The Malaysian Space Agency uses drones and two satellites – with a third planned to be launched in 2025 – to identify areas that are prone to flooding before the rainy season starts. The agency’s integrated disaster-management system and the satellite image-based information and logistics system known as eBanjir directly assist DID in its flood management initiatives.

Brazil is similarly leveraging data through its Waterproofing Data mobile phone app, developed locally in March 2022 in collaboration with researchers from Germany and the UK.

The app allows community members to become citizen scientists by recording rainfall and flood impact assessments that can be used to plan for or prevent serious flooding. The app is currently in use across 20 municipalities, and the research team behind the platform is seeking to deploy it in other countries around the world.

The use of higher-quality and larger volumes of data means that artificial intelligence can help forecast when floods might occur, enabling the construction of more targeted flood-resistant infrastructure. For instance, researchers at Stanford University in the US are using machine learning to track atmospheric patterns and predict when precipitation will trigger flooding.

Flood-proof food

In addition to uprooting people, flooding imperils food security in the short term by destroying infrastructure, cropland and livestock, and damaging water resources and sanitation in the months that follow.
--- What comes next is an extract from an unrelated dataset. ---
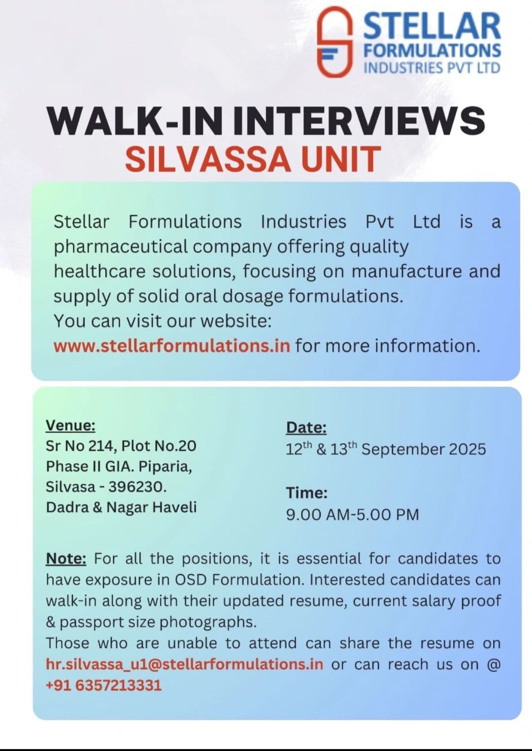 Attend walk-in interviews at Stellar Formulations, Silvassa on 12th & 13th Sept 2025. Openings for pharma professionals with OSD formulation experience.

To counter this, planting more resilient crops could help smallholder farmers who have lost an estimated $21bn in agricultural products and livestock to flooding over the past decade, second only to droughts.

Researchers are using genetic tools to breed the gene responsible for flood tolerance called Sub1. Use of the resulting flood-resistant rice, which yielded 60% more rice than standard varieties in a controlled experiment, could go a long way towards reducing the 4m tonnes of rice that are lost to floods each year.
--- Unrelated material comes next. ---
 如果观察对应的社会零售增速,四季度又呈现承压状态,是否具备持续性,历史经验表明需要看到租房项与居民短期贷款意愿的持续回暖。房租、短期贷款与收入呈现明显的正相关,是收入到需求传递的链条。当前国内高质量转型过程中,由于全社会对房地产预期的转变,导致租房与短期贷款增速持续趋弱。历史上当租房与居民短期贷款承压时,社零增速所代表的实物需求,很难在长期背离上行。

Over the past decade, farmers in the Philippines have widely adopted Submarino rice, a strand that does not die when it is submerged under water for up to 14 days.

Other subsistence farmers are turning to an old practice of using floating farms to secure their crop yields amidst rising sea levels.

More than 6000 farmers in the deltas of south-western Bangladesh – which are already underwater for eight to 10 months of the year, up from five months a year roughly 200 years ago – are using the practice to grow fruits and vegetables on rafts made from invasive hyacinths.

Farmers in Mexico also revived the use of chinampas (farm islands) – long, narrow strips of land over shallow lakes near Mexico City that are anchored to the lake floor with a native willow tree – to meet agricultural demand when traditional markets closed during the Covid-19 pandemic.

Developed by the Aztecs more than 700 years ago, chinampas are highly fertile growing fields that accommodate a range of production, from fruits and vegetables to eggs and honey. They have the added benefit of meeting their water needs directly from the lakes themselves.